Why would I want to cut video into that many videos? I have a program that recognizes where is silence. I want to speed up to video, at different rates when there is silence and where there are people talking. So I find out which parts of the video are silent/loud, cut it into those parts, speed them up and concatenate them again together.

Right now, after some iterations, I'm using this:

ffmpeg -i [input_video] -ss [seconds_to_start_cut] -frames:v [number_of_frames] -f [input_video_extension] [output_name]

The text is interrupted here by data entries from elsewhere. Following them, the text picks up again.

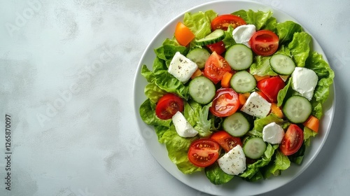 Vegetable salad with cheese. Healthy Eating. Tomato with spices, oil and cheese.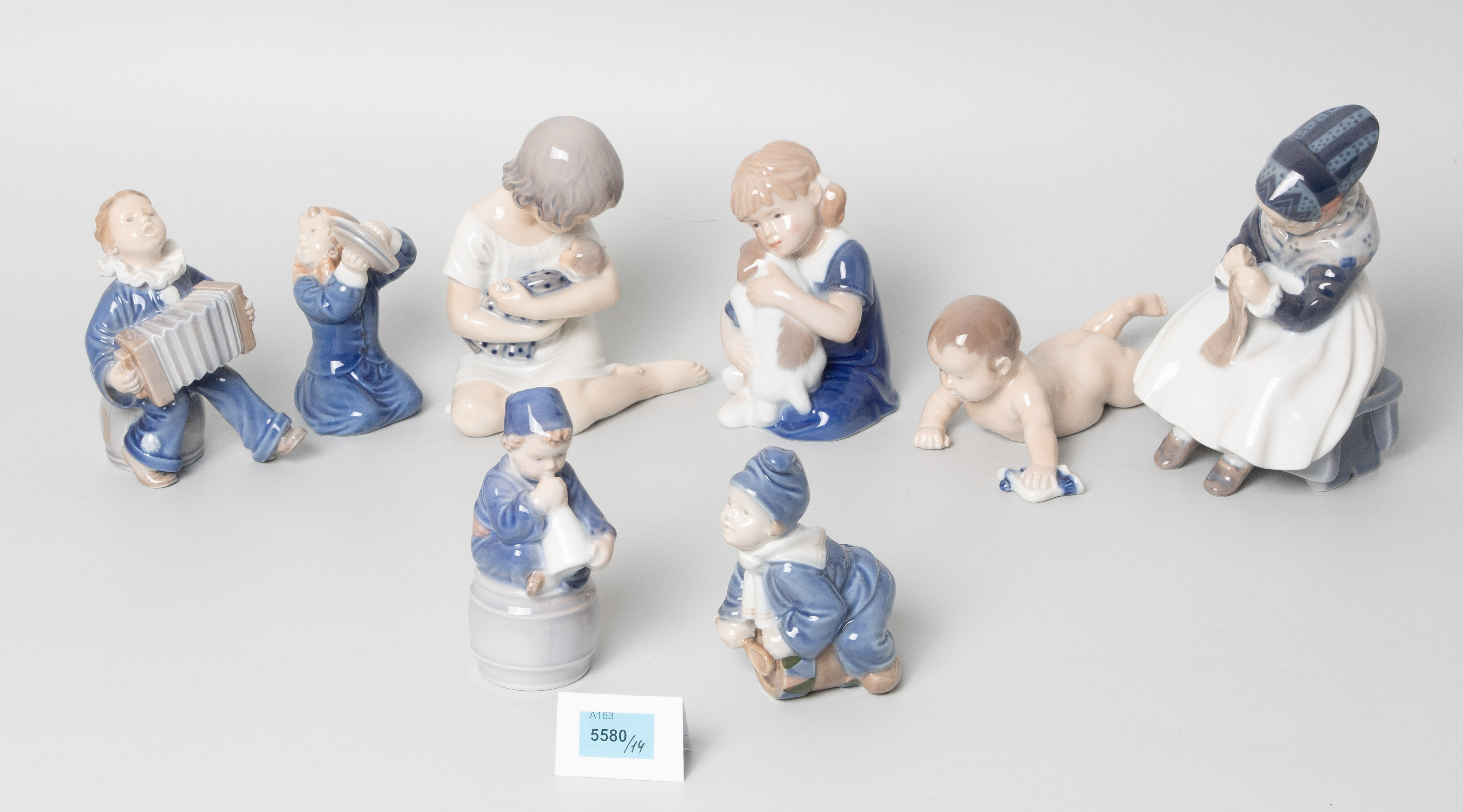 20.Jh. Porzellan, pastellfarbene Unterglasurbemalung. Diverse Kinderdarstellungen. H 9–21 cm.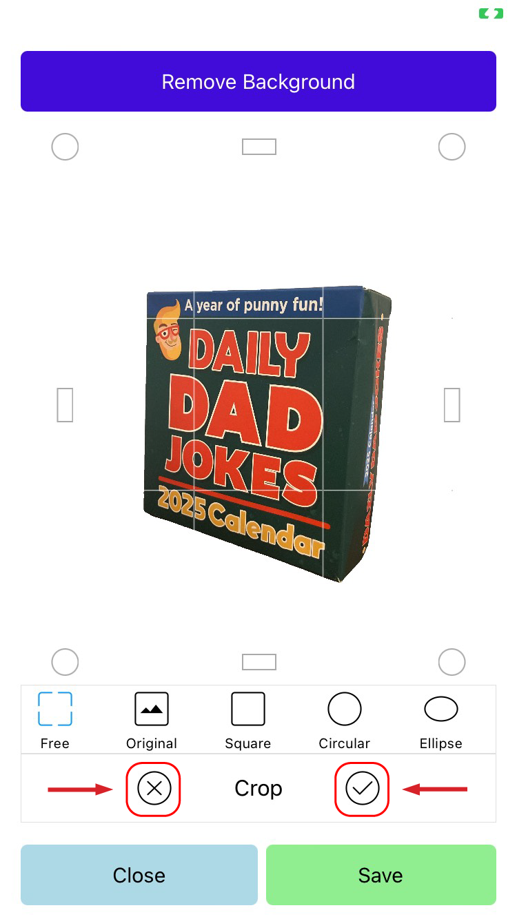 Photo Crop requires you to tap the "Check Mark" to confirm. Or you can Delete. Pictured below.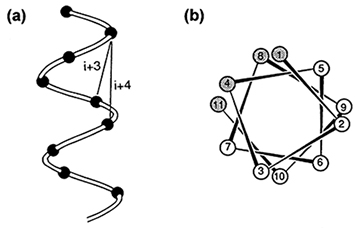 B.) An amphipathic helix. The view is end-on looking from the amino- to carboxyl-terminal amino acid. This type of representation is referred to as a helical wheel. The shaded residues are strongly hydrophobic. In this example, the spacing between residues in the hydrophobic face follow the i + 3 and i + 4 pattern: i + 3 = 1 + 3 = 4; i + 4 = 4 + 4 = 8; and i + 3 = 8 + 3 = 11.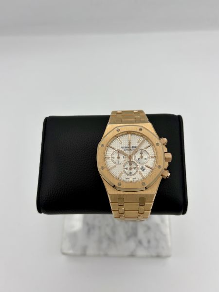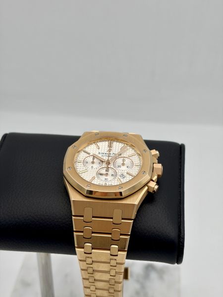 Tuotannosta jo poistunut klassikko Audemars Piguet Royal Oak Chronograph ref 26320OR.OO.D088CR.01 ruusukultaisena. APn valkoinen vohvelitaulu on super näyttävä, vertaansa vailla.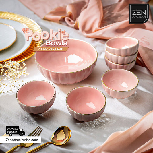 Pookie Bowl 7 Pieces Soup Bowl Set - (With Gold Lining)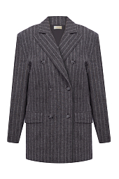 Жакет двубортный российского бренда ADDICTED_TO…, сезон Осень-Зима. Состав: 52% шерсть, 33% вискоза, 15% полиамид; подклад-100% вискоза. Параметры модели: 178/85/65/93, надет размер S. Цвет: серый принт в полоску.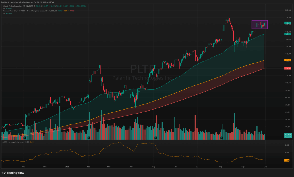 팔런티어. 누구나 아는 AI 관련주. 조정 이후 상승 중이나 매도세가 많아 횡보 중. 속임수 패턴. 박스권 돌파 시 매수 가능.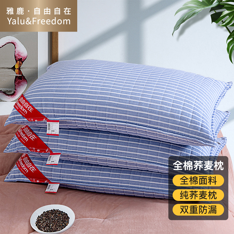 雅鹿 全棉荞麦枕头枕芯 约5斤颈椎枕 花草枕可拆洗46*72cm单只装 蓝纹SKU:yzwhyp939691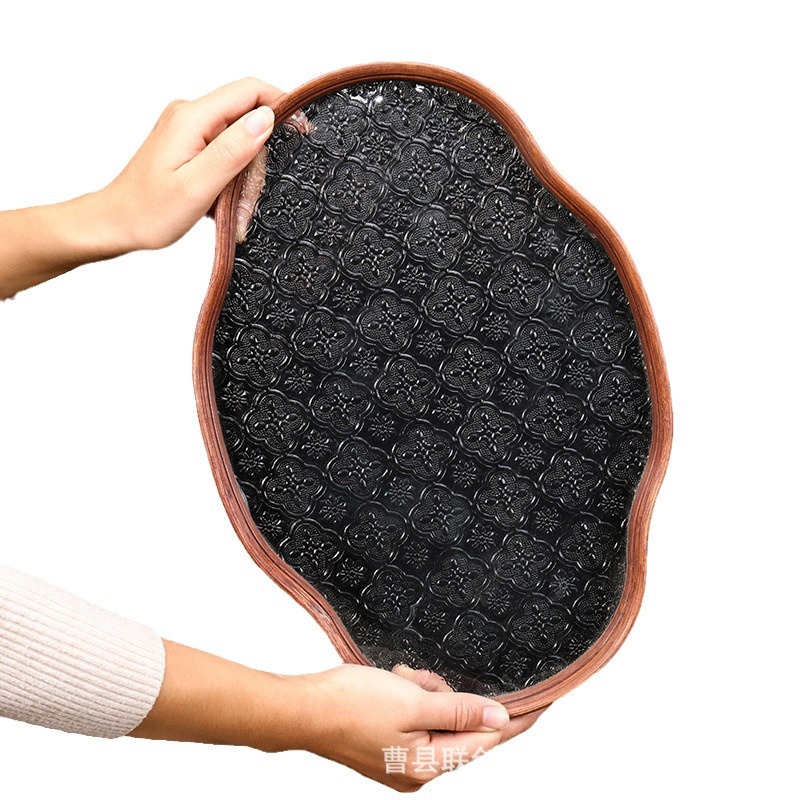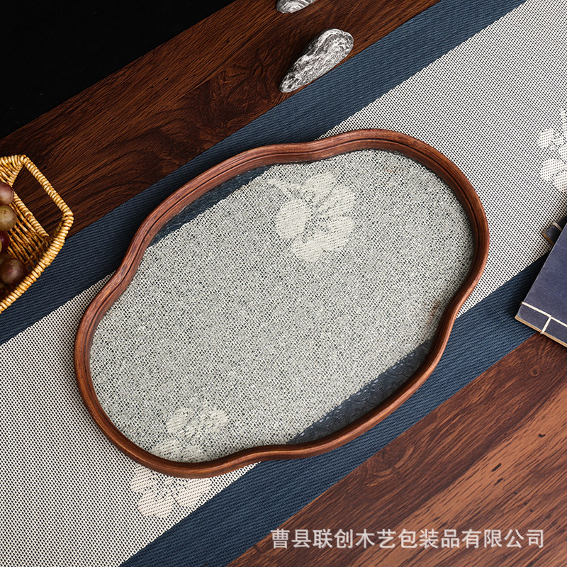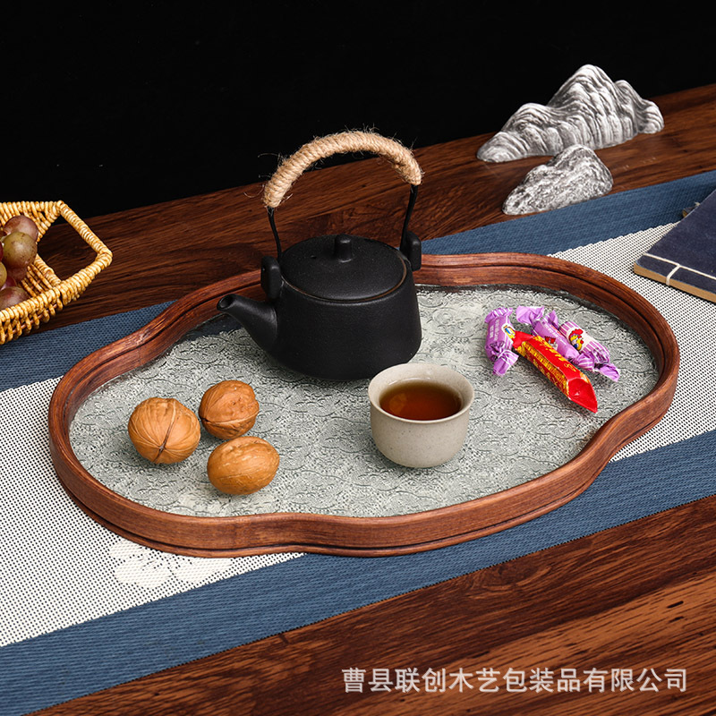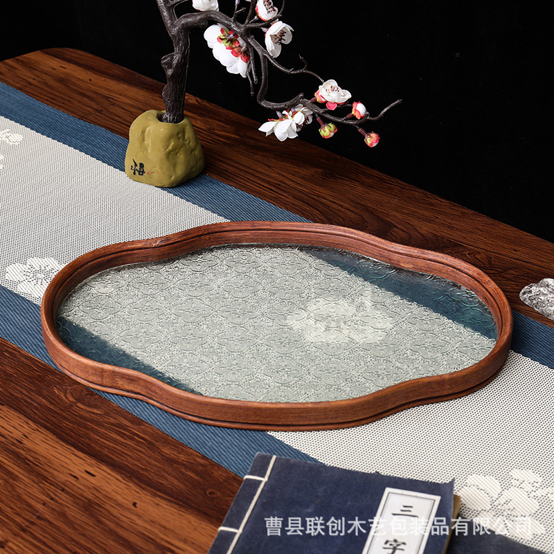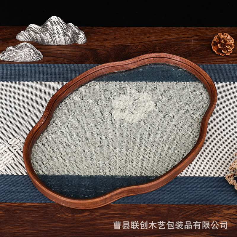 日式海棠花木质托盘玻璃茶盘家用客厅点心盘茶水杯子托盘玻璃盘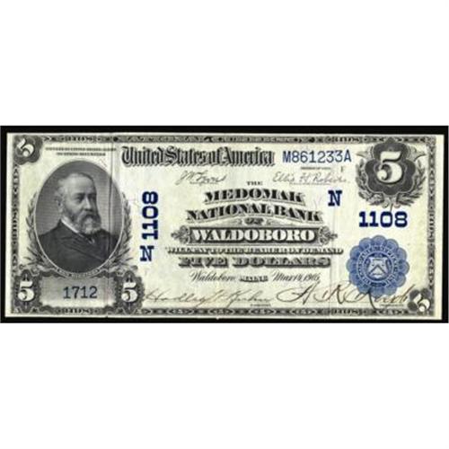 Waldoboro, ME $5 1902 Date Back. The Medomak NB.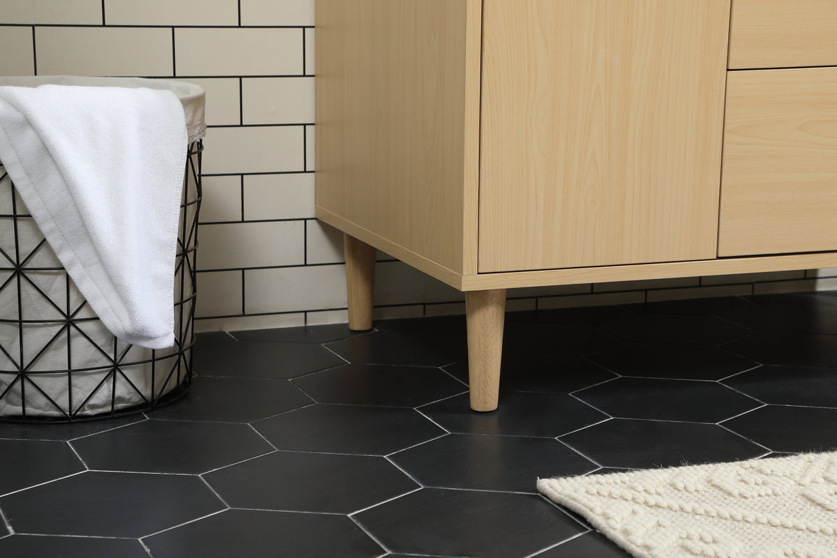 Modern sophistication is defined with the mape finish and black barpulls of this vanity and slender tapered legs. Its length makes it the perfect addition to any sized home, and saves space with its storage area hidden behind the Single cabinet door and two bottom drawers. Topped with a highly durable engineered stone countertop and a porcelain undermount sink, this modern design will become your focal point of your bathroom or powder room. Comes with a matching backsplash to complete the look and protects your wall. Equipped with soft-closing drawer and doors adds a quiet functional touch.

In my program, I have silent/loud parts of video defined as starting and ending frames and I calculate seconds to start cut via FPS received from ffprobe.

Using, the cuts are pretty precise, while there is still some work to be done (the audio repeats a little bit on cut transitions) - maybe FPS slightly vary through the video?

But the problem is, this approach is extremely slow. As far as I understand how ffmpeg works, this starts counting seconds from start each time I call it, repeating previously done work unnecessarily. It's really bad with 16 seconds long video, let alone more than hour long ones.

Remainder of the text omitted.